A lucet is a tool used in cordmaking or braiding which is believed to date back to the Viking and Medieval periods, when it was used to create cords that were used on clothing, or to hang items from the belt. Lucet cord is square, strong, and slightly springy. It closely resembles knitted I-cord or the cord produced on a knitting spool. Lucet cord is formed by a series of loop like knots, and therefore will not unravel if cut. Unlike other braiding techniques such as , finger-loop braiding or plaiting, where the threads are of a finite length, lucetted (or knitted) braids can be created without pre-measuring threads and so it is a technique suited for very long cords.

Archaeological finds and a literary description of lucets strongly suggest that its use declined after the 12th century, but was revived in the 17th century. Its use waned again in the early 19th century.

A modern lucet fork is normally made of wood, with two prongs at one end and a handle on the other. It may also have a hole through which the cord can be pulled. Medieval lucets, in contrast, appear to be double-pronged, straight-sided implements, often made of bone. Some were shaped from hollowed bones, left tubular, presumably so that the cord could be drawn through the centre hole.

Construction of lucet braid

A number of techniques exist for the creation of lucet cord, all of which produce slightly different cords; it is possible to produce a two-coloured cord by using two strands of differently-coloured yarn. The only materials necessary to lucet are yarn and a lucet fork, also known as a chain fork or a lucet. Skewer-like sticks or knitting needles can be used to pull the yarn over as an additional tool. Lucets can be bought in shops as kits designed for children.
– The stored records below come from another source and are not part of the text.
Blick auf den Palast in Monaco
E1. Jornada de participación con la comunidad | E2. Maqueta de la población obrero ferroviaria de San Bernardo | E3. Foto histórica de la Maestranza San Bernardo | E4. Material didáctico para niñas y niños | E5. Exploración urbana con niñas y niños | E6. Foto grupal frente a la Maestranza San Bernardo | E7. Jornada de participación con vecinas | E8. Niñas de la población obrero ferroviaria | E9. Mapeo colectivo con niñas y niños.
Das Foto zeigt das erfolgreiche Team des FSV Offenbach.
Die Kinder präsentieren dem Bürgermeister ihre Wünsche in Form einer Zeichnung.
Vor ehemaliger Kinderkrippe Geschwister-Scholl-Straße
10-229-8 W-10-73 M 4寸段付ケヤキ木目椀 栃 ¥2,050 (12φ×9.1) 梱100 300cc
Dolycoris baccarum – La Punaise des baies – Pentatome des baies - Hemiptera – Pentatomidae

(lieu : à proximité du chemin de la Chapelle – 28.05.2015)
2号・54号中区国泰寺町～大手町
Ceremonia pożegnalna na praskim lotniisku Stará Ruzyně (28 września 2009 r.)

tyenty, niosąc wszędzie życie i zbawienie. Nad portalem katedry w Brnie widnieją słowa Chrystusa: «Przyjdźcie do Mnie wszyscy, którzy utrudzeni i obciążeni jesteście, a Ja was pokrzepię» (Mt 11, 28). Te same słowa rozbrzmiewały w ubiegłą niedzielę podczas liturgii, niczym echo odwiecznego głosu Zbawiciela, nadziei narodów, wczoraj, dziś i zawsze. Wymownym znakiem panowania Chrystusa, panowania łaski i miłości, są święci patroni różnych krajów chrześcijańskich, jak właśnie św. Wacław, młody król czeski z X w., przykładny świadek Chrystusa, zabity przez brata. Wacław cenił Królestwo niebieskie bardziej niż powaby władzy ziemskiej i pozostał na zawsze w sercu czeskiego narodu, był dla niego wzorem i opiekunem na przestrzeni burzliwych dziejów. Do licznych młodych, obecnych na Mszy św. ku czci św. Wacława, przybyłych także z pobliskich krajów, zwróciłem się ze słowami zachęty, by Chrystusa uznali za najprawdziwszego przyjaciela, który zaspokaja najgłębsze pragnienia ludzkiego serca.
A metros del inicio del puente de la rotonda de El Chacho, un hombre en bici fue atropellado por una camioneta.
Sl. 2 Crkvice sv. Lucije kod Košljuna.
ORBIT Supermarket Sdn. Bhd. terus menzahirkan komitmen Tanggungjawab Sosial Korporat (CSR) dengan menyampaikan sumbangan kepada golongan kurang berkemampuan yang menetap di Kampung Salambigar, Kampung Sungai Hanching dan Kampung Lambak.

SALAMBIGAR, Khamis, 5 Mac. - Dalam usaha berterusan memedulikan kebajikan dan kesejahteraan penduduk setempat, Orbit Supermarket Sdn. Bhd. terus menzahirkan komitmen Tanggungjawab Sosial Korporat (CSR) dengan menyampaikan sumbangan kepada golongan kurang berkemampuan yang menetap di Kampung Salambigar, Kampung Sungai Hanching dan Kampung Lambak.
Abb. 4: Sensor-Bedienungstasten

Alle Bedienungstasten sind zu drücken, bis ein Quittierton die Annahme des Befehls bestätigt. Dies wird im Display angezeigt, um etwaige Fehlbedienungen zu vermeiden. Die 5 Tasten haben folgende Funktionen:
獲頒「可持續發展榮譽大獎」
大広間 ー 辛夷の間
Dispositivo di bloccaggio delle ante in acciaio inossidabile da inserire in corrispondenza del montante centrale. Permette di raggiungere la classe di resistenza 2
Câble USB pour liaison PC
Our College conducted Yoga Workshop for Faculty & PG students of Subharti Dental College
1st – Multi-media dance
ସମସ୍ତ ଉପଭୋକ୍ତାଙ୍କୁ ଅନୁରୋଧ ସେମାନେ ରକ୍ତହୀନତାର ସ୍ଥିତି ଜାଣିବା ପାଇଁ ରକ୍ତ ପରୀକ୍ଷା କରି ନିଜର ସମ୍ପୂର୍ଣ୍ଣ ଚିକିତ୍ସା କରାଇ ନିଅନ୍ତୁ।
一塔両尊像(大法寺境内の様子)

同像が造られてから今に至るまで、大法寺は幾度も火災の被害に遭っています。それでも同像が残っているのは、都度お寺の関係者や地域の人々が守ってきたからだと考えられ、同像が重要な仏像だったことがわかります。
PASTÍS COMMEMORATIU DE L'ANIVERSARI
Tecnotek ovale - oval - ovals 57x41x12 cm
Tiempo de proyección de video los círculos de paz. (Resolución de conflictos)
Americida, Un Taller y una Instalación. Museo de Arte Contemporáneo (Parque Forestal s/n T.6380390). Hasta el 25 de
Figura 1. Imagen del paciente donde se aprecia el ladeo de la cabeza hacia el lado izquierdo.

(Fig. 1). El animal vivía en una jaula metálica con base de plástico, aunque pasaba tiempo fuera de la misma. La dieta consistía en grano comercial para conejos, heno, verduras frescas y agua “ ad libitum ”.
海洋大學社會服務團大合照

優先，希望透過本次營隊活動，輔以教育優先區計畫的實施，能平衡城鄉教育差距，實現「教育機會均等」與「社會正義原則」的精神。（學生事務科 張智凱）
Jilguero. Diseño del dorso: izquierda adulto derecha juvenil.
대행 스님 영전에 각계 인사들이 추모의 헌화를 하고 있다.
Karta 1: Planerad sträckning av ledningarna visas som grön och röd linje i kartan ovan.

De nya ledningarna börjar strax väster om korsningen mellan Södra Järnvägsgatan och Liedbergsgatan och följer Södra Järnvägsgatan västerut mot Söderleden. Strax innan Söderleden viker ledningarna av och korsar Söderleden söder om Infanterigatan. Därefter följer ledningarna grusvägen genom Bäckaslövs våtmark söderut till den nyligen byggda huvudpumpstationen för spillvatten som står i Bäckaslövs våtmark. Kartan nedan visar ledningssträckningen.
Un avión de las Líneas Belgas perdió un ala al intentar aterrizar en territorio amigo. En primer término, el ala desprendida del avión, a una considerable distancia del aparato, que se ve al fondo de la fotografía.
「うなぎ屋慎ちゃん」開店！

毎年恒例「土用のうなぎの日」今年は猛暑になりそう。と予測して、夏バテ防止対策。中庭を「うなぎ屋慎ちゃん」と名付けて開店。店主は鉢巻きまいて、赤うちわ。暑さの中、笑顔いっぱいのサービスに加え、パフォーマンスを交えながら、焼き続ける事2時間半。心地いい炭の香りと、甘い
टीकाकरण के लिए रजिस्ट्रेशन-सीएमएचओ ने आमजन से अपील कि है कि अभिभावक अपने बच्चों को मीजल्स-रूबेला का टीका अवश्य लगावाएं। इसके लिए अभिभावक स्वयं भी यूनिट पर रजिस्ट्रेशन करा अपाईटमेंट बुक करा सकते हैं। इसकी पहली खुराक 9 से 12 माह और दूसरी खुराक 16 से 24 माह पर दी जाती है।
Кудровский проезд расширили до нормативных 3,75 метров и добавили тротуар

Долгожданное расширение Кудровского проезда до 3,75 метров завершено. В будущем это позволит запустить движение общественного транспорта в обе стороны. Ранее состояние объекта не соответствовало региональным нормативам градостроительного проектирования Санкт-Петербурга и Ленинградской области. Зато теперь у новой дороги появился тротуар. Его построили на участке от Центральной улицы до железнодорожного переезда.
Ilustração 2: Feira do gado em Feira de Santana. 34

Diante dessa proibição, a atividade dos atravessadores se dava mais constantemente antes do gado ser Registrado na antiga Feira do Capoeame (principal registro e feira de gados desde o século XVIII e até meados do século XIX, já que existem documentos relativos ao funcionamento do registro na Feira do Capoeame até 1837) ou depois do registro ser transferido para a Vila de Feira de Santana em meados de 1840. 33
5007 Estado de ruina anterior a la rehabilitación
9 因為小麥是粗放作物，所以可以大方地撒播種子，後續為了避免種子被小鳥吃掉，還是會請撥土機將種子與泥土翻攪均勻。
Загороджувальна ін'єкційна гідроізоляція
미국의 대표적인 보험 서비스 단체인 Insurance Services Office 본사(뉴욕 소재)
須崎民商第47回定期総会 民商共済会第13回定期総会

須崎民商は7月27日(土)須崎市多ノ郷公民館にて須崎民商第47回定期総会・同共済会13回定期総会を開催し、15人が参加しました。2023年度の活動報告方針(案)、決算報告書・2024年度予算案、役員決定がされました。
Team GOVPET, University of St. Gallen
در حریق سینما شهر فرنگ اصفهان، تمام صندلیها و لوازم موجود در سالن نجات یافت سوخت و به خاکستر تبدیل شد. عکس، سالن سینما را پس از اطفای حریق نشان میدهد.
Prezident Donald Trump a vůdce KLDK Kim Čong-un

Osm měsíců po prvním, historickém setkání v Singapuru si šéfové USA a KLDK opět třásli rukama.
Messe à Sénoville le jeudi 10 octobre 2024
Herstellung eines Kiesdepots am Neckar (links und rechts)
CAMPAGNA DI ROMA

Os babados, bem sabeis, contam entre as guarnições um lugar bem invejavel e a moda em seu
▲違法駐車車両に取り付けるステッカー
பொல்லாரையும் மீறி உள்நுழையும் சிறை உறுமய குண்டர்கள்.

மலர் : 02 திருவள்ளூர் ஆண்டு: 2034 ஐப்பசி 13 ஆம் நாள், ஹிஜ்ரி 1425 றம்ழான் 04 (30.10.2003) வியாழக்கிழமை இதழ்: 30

To cast on, the yarn is put through the hole in the lucet from the front, and the yarn in front of the lucet is wound around the prongs twice, in a figure-of-eight motion. The two lower loops are then lifted over the two upper loops, using either the fingers or a stick, until they are lifted over the 'horns' of the lucet fork, after which the thread behind the lucet is pulled to tighten the knot. The process is then repeated, this time (and every time after) winding the yarn just once around the prongs, as there is already a figure-of-eight of yarn on the fork.

When the desired length of lucet cord is reached, the lucet can be cast off by carefully lifting the loops off the prongs, passing the remaining thread through them, and pulling the knot tight. Any loose thread can be cut off with scissors, or tied together to form a closed circle. The cord can be wrapped around the lucet handle as it grows.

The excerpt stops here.